Left join to our gmcr_ps geoDataFrame and calculate the area/inhabitants ratio.

gmcr_ps = pd.merge(
    gmcr_ps,
    pop,
    how='left',
    on='StrSect',
)

# calculate area/inhabitants ratio
gmcr_ps['green_area_sq_m_pp'] = gmcr_ps['green_area_sq_m']/gmcr_ps['population']

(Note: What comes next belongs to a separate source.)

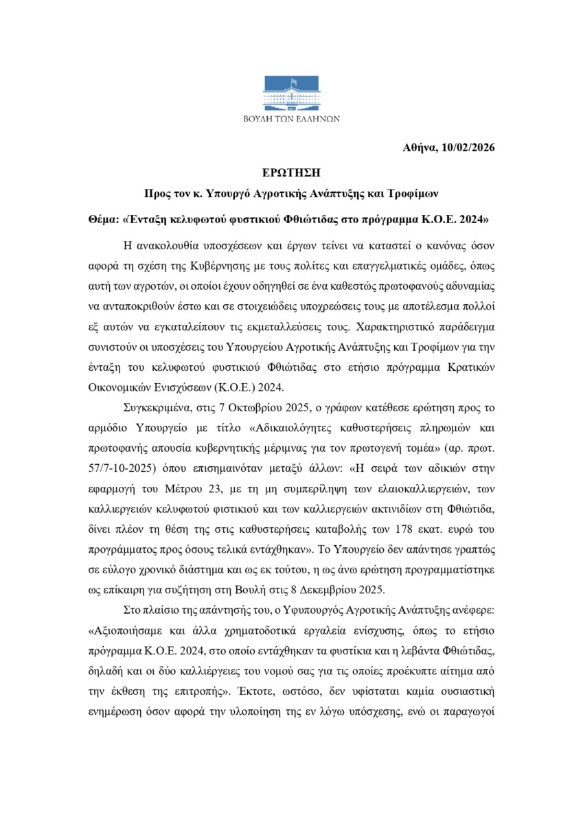 Σε κοινοβουλευτική παρέμβαση προς τον Υπουργό Αγροτικής Ανάπτυξης προχώρησε ο Βουλευτής Φθιώτιδας Γιάννης Σαρακιώτης καλώντας την Κυβέρνηση να τηρήσει τη δέσμευσή της προς τους φυστικοπαραγωγούς της Φθιώτιδας για την ένταξή τους στο ετήσιο πρόγραμμα Κρατικών Οικονομικών Ενισχύσεων (Κ.Ο.Ε.) 2024, όπως είχε υποσχεθεί, καθώς και να εξηγήσει τους λόγους των μέχρι στιγμής καθυστερήσεων.

And now let’s plot these values. We can easily do that by indicating which column we want to use from the dataFrame.

# Plot green areas access
vmin, vmax = 0, 1200
gmcr_ps.plot(
    ax=ax, 
    column='green_area_sq_m_pp', 
    cmap='hot_r', 
    vmin=vmin, 
    vmax=vmax, 
    alpha=0.7,
)

Beautiful! This type of chart is called a choropleth, a type of map in which regions is coloured or patterned in proportion to a variable that represents an aggregate summary of a geographic characteristic within the area.

To wrap-up

We have seen how python and geoPandas provide a great set of tools to perform GIS spatial analysis. Even underestimating its population because of using old census data, the centre of Greater Manchester comes up as severely underprovided for in terms of green public spaces.